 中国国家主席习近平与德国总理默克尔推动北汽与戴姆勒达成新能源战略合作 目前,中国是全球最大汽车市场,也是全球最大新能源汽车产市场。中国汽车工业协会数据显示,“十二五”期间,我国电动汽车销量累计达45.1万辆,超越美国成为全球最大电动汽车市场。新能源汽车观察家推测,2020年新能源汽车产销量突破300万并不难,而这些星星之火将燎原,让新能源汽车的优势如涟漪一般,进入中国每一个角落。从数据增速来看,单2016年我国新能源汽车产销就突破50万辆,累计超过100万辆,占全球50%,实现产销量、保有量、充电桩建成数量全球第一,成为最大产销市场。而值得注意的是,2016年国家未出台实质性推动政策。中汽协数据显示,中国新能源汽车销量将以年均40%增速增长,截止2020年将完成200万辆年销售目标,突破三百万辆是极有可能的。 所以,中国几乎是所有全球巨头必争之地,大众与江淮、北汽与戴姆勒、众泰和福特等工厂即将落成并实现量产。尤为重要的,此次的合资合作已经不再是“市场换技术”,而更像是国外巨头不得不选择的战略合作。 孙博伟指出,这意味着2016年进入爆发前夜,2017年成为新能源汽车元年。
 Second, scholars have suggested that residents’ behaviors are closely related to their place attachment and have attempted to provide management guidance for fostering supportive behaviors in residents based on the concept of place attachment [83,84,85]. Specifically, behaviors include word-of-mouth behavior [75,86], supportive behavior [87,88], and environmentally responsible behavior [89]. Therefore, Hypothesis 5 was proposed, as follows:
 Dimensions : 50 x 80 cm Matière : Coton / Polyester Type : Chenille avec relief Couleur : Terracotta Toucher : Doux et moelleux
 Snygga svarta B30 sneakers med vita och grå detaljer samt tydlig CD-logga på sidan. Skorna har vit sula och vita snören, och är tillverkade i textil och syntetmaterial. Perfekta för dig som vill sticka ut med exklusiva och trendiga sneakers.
===============
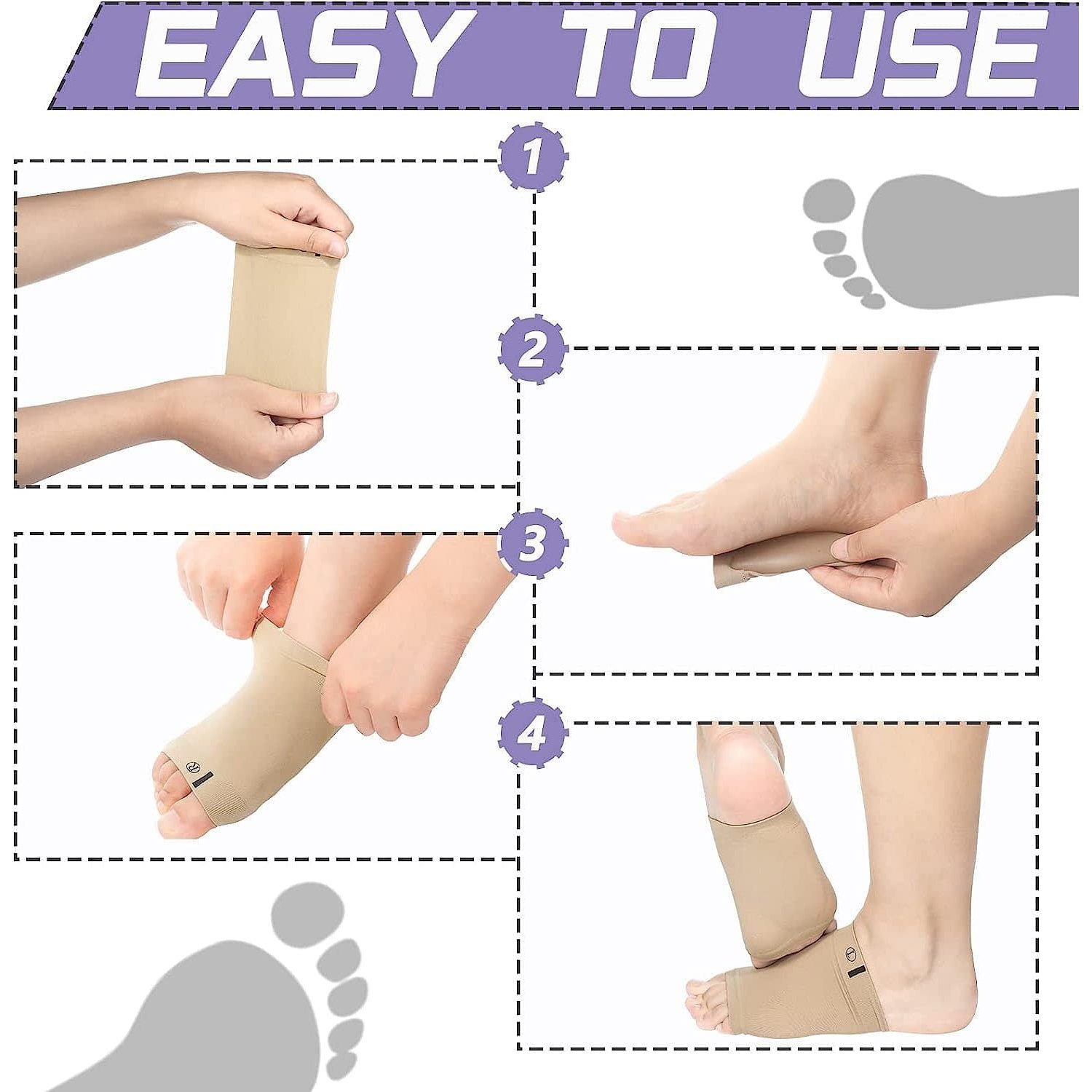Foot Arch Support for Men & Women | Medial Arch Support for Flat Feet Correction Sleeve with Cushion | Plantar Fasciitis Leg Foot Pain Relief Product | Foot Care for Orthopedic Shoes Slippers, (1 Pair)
===============
- **What to do**: Give back the records above exactly, limited to the lines between the one holding "Dimensions : 50" and the one holding "Snygga svarta B30", inclusive.

- **Reply to the task**:
 Dimensions : 50 x 80 cm Matière : Coton / Polyester Type : Chenille avec relief Couleur : Terracotta Toucher : Doux et moelleux
 Snygga svarta B30 sneakers med vita och grå detaljer samt tydlig CD-logga på sidan. Skorna har vit sula och vita snören, och är tillverkade i textil och syntetmaterial. Perfekta för dig som vill sticka ut med exklusiva och trendiga sneakers.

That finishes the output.